Exercise data:
----------------

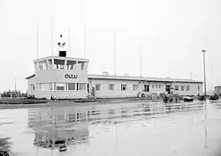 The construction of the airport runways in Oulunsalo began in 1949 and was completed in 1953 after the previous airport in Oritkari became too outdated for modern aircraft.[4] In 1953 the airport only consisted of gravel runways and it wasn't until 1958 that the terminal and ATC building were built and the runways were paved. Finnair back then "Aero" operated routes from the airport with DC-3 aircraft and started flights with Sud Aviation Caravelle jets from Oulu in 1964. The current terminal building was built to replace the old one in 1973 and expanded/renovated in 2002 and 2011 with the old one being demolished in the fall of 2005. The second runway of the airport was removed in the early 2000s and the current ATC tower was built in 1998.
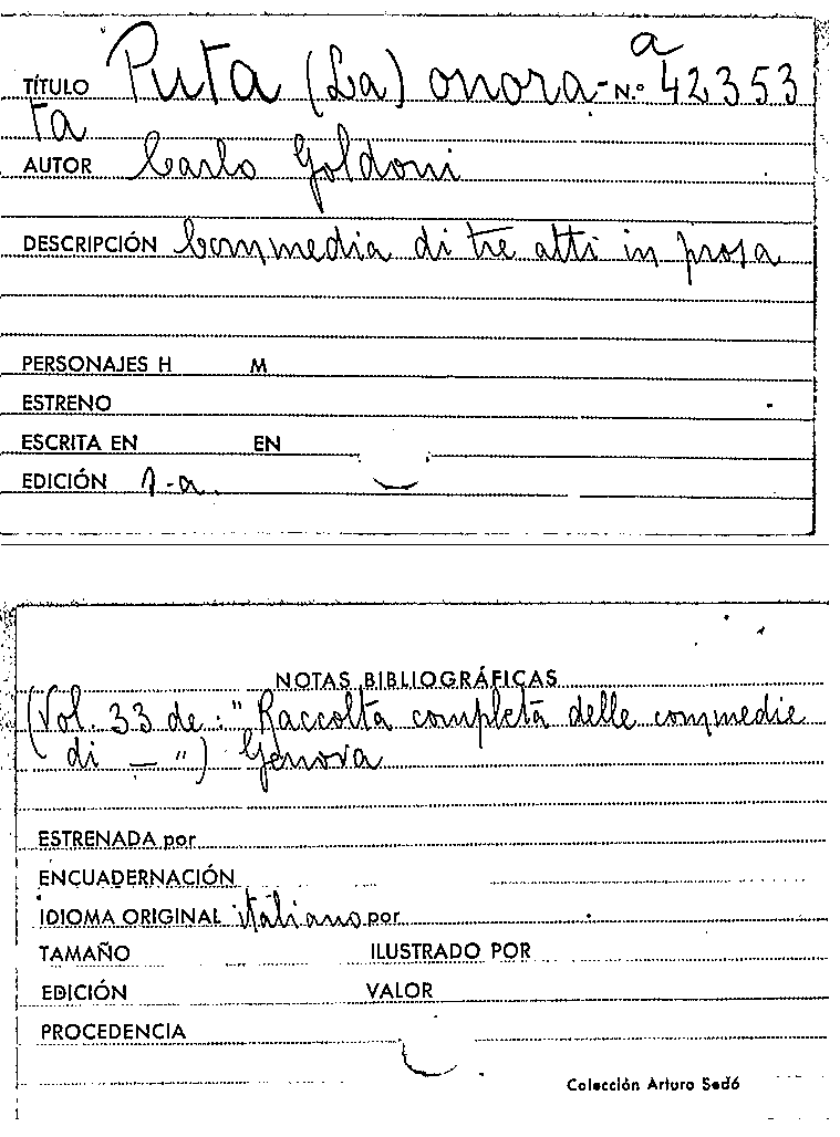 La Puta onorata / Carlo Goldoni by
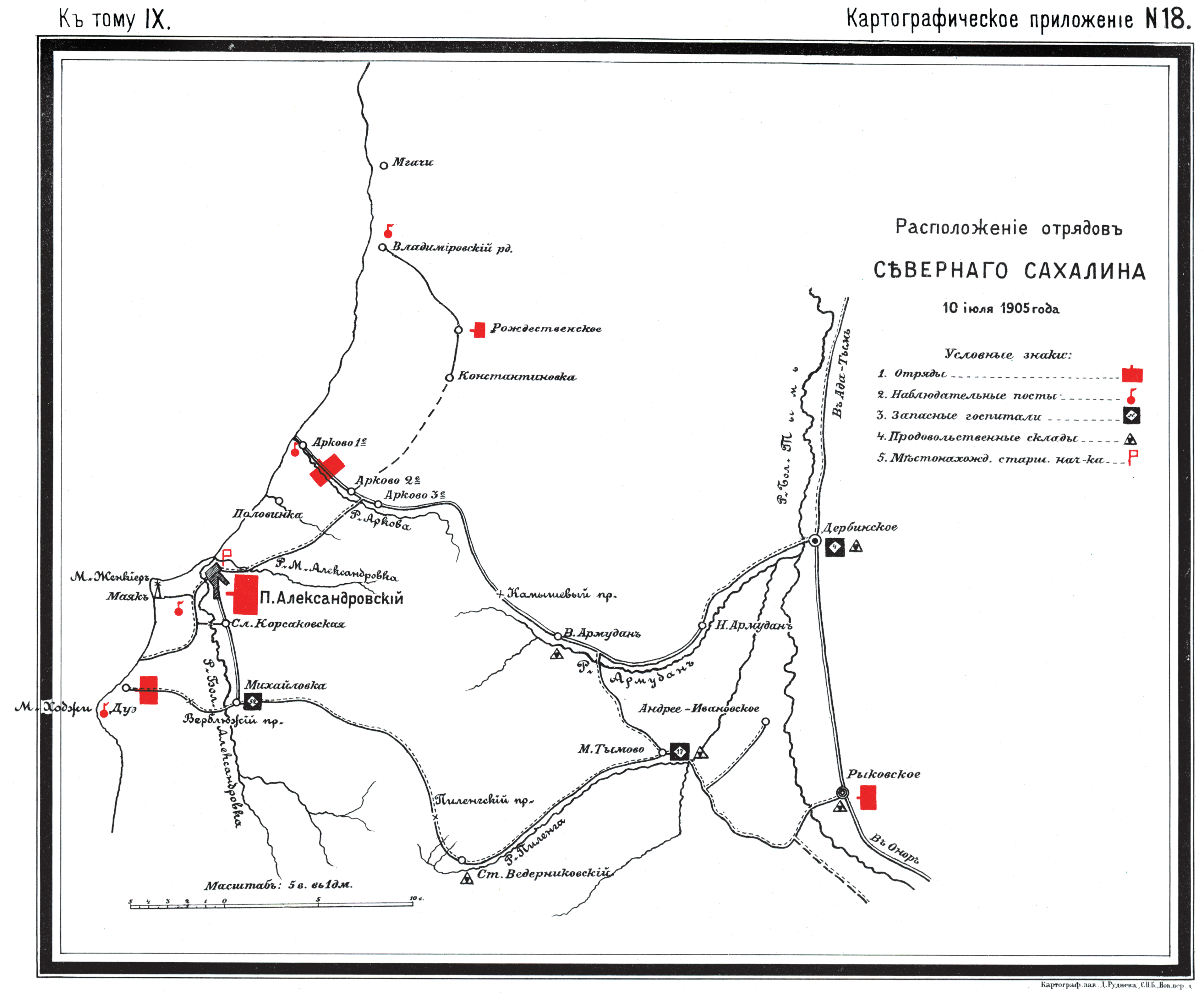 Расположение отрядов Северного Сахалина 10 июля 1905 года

----------------

Work instruction: Beginning with the line that contains "La Puta onorata / Carlo Goldoni by", output each line of the material above through the last one exactly as it stands. Do not include the pictures.

Answer to the exercise:
 La Puta onorata / Carlo Goldoni by
 Расположение отрядов Северного Сахалина 10 июля 1905 года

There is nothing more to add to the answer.